Title :
Spatial Approximate String Search
Author :
Feifei Li ; Bin Yao ; Mingwang Tang ; Hadjieleftheriou, MariosMarios
Author_Institution :
Sch. of Comput., Univ. of Utah, Salt Lake City, UT, USA
Abstract :
This work deals with the approximate string search in large spatial databases. Specifically, we investigate range queries augmented with a string similarity search predicate in both euclidean space and road networks. We dub this query the spatial approximate string (SAS) query. In euclidean space, we propose an approximate solution, the MHR-tree, which embeds min-wise signatures into an R-tree. The min-wise signature for an index node u keeps a concise representation of the union of q-grams from strings under the subtree of u. We analyze the pruning functionality of such signatures based on the set resemblance between the query string and the q-grams from the subtrees of index nodes. We also discuss how to estimate the selectivity of a SAS query in euclidean space, for which we present a novel adaptive algorithm to find balanced partitions using both the spatial and string information stored in the tree. For queries on road networks, we propose a novel exact method, RSASSOL, which significantly outperforms the baseline algorithm in practice. The RSASSOL combines the q-gram-based inverted lists and the reference nodes based pruning.
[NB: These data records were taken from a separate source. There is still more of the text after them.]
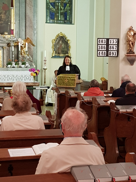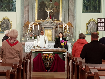 Nach dem Schlusssegen, welchen Pater Reji gemeinsam mit Pfarrerin Barbara Heyse-Schaefer spendete, ging es noch zum geselligen Ausklang hinüber in die Buschenschank Wolff.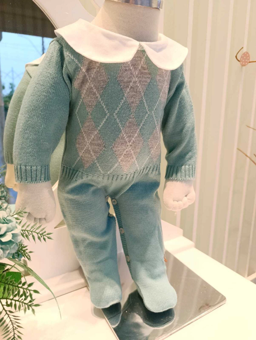 Macacão manga longa tricot jacquard verde menta e com gola.
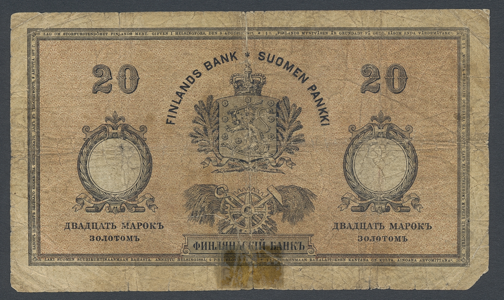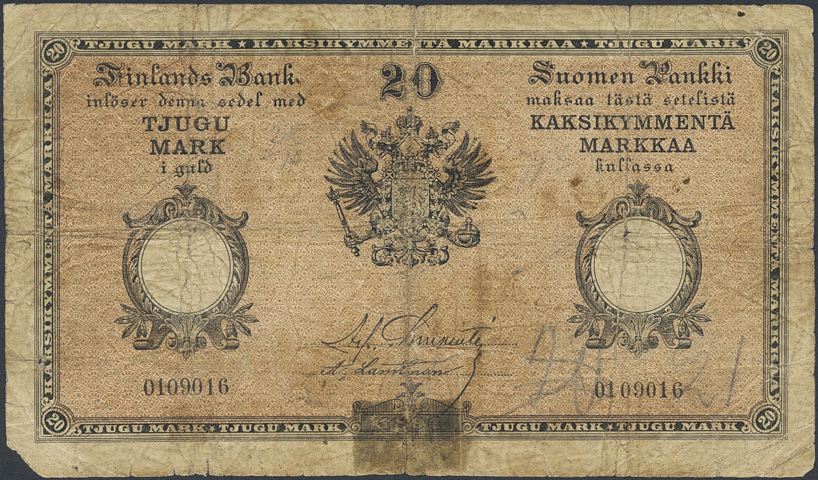 Banknotes, Finland. Pick A52, 20 markkaa 1894. No 0109016. Minor corner missing and tape damage. Tears and ink writing. 1?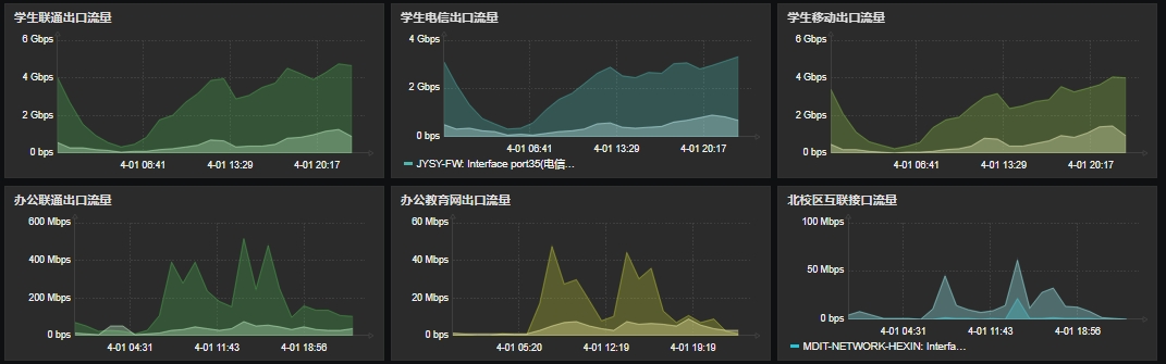 利用ZABBIX等网络监测平台,实时监测校内网络设备运行及流量状态,能够做到及时发现问题及时处理。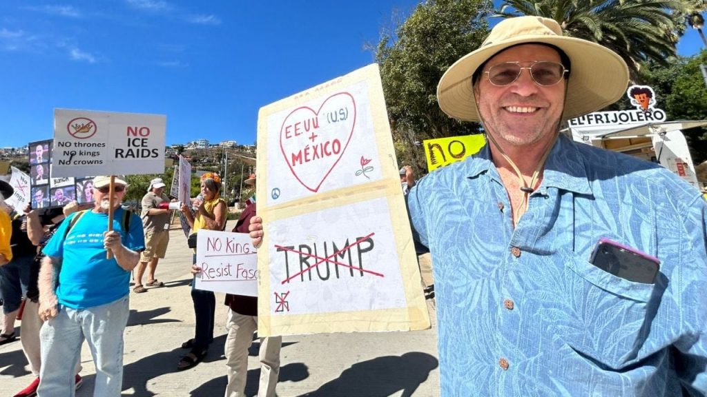 BAJA CALIFORNIA (apro).- Con un marcado rechazo a las redadas contra inmigrantes y lo que llamaron “dictadura fascista”, ciudadanos estadunidenses radicados en Baja California se sumaron a las protestas globales de “No Kings” (No Reyes) en contra del presidente de los Estados Unidos Donald Trump.

Extensive experiments on large real data sets demonstrate the efficiency and effectiveness of our approaches.
Keywords :
approximation theory; query processing; trees (mathematics); visual databases; Euclidean space; MHR-tree; RSASSOL; SAS query; balanced partitions; baseline algorithm; concise representation; exact method; index node subtrees; large spatial databases; min-wise signature; min-wise signatures; q-gram-based inverted lists; range queries; reference node based pruning; road networks; spatial approximate string query; spatial approximate string search; spatial information; string information; string similarity search; Equations; Estimation; Indexes; Mathematical model; Roads; Spatial databases; Synthetic aperture sonar; Approximate string search; range query; road network; spatial databases;
Journal_Title :
Knowledge and Data Engineering, IEEE Transactions on
DOI :
10.1109/TKDE.2012.48